Records.
┏━━

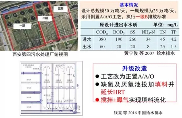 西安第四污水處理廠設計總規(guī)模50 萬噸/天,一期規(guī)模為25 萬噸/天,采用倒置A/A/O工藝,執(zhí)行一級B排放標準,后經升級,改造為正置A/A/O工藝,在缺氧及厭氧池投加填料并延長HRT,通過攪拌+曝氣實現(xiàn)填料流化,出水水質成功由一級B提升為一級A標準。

┗━━
┏━━

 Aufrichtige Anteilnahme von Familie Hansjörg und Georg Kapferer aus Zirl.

┗━━
┏━━

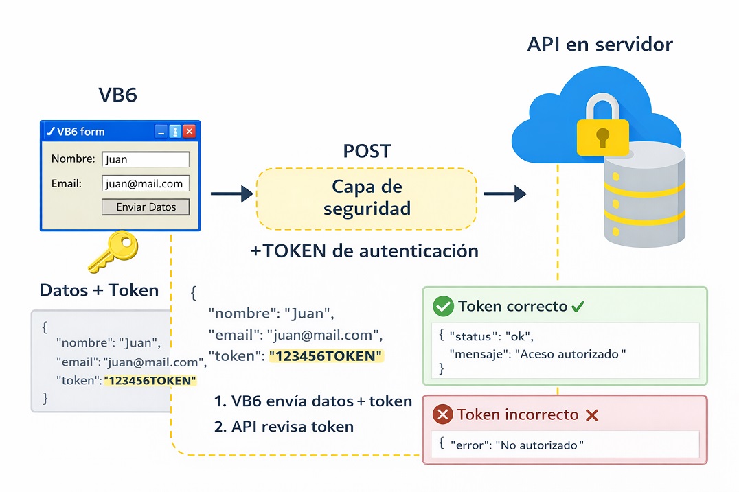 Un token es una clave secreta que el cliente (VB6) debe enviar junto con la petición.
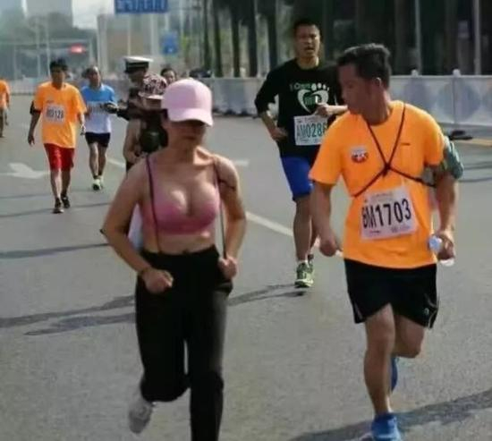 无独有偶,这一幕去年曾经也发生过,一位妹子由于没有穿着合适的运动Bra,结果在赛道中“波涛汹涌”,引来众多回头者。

┗━━

Everything from the line with "Un token es" down to the line with "无独有偶,这一幕去年曾经也发" in the data above should be copied exactly, with both end lines kept and the pictures left out.

Exercise answer.
 Un token es una clave secreta que el cliente (VB6) debe enviar junto con la petición.
 无独有偶,这一幕去年曾经也发生过,一位妹子由于没有穿着合适的运动Bra,结果在赛道中“波涛汹涌”,引来众多回头者。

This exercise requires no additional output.